If all looks well, a maintainer will come by soon to merge this PR and your entry/entries will appear on the leaderboard. If you need to make any changes, feel free to push new commits to this PR. Thanks for submitting to RAID!
Hi @Gwyn9 just to add a bit more context for this evaluation result. It seems like there does not exist a threshold for which your classifiers get 99% accuracy on human-written text across all domains. I suggest investigating the results.json file to see which domains your classifier has issues on.
I'm happy to answer any more questions if you have them.

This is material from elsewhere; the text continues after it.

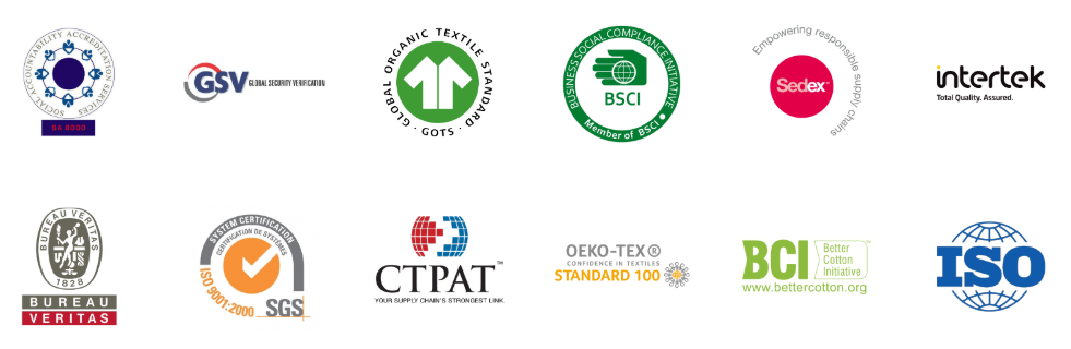 Our global network of manufacturers is carefully vetted to ensure the highest standards in quality, transparency, and ethical practices. Many of the factories in our network carry industry-leading certifications, including:

Hi @liamdugan 👋, I’m submitting two updated detector versions (V2) for evaluation on RAID. These models are fine-tuned versions of our previous submissions, now uploaded to Hugging Face and evaluated locally before submission.
Models:
- KewynG/Bert_IdentifyIA_V2
- KewynG/RoBERTa_IdentifyIA_V2
Changes:
- Retrained on a balanced and extended dataset derived from RAID subsets.
- Improved cleaning, tokenizer alignment, and balanced class sampling.
- Adjusted hyperparameters and checkpoints for better AUROC and recall stability.
Submission files:
- leaderboard/submissions/BERT_IdentifyIA_HF_V2/
- leaderboard/submissions/RoBERTa_IdentifyIA_HF_V2/
These submissions follow the same format as previous ones (metadata.json + predictions.json), now corresponding to the V2 detectors on Hugging Face.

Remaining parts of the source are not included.